Base premium = $15,000 ÷ 1.25 = $12,000. New premium = $12,000 × 0.85 = $10,200. The experience mod factor directly multiplies the base premium.

Answer Options
A
$18,750
B
$10,800
C
$12,000
D
$10,200

Why This Is the Correct Answer

The calculation requires two steps. First, derive the base premium: $15,000 ÷ 1.25 = $12,000. Then apply the new mod factor: $12,000 × 0.85 = $10,200. The experience mod factor is always applied to the base (unmodified) premium, not to the current modified premium.

Why the Other Options Are Wrong

Option A: $18,750

$18,750 results from multiplying $15,000 × 1.25, which compounds the old mod factor instead of replacing it. This ignores the need to first back out the original modifier.

Option B: $10,800

$10,800 likely comes from applying 0.85 directly to $15,000 (skipping the base premium derivation): $15,000 × 0.72 or some other arithmetic path.
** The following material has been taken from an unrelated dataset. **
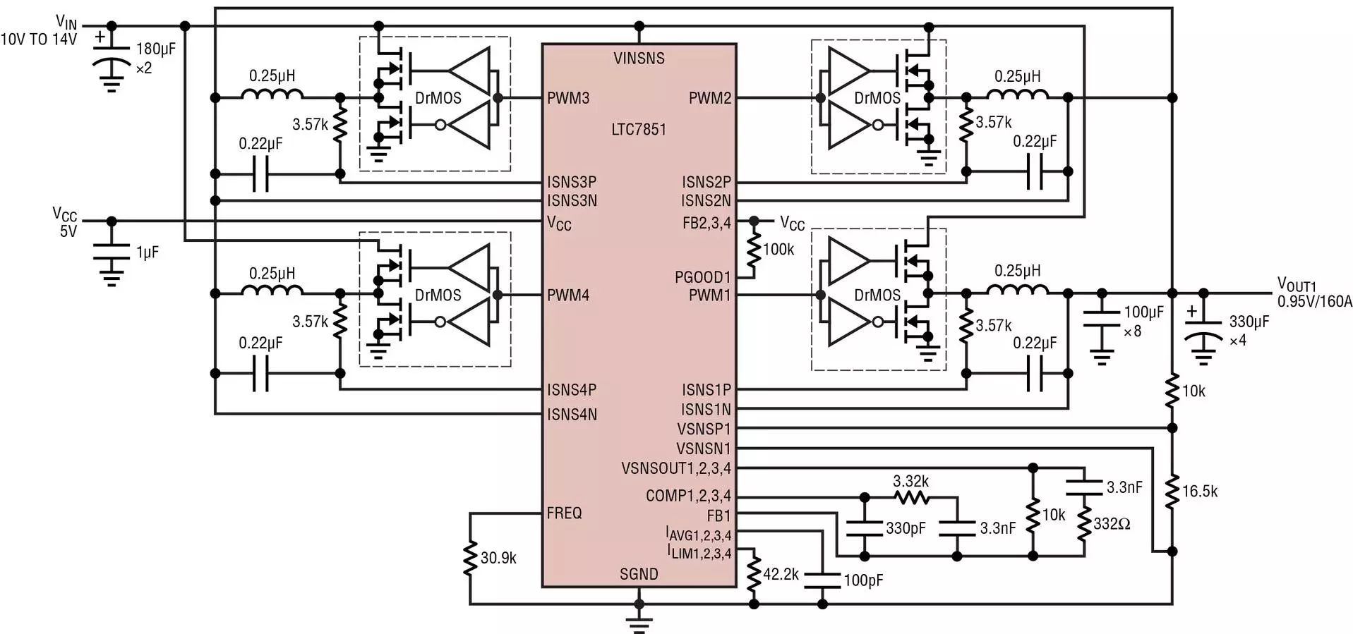 圖 1:簡(jiǎn)化的 LTC7851 原理圖,提供單個(gè) 0.95V/160A 輸出 |

The correct approach must first extract the base premium.

Option C: $12,000

$12,000 is actually the correct base (unmodified) premium—a tempting answer because it is the right intermediate step—but the question asks for the new modified premium after applying 0.85, which is $10,200.

Memory Technique

Experience mod math = DIVIDE then MULTIPLY. Step 1: Remove the old mod (divide current premium by old mod to get base). Step 2: Apply new mod (multiply base by new mod). Never skip to Step 2.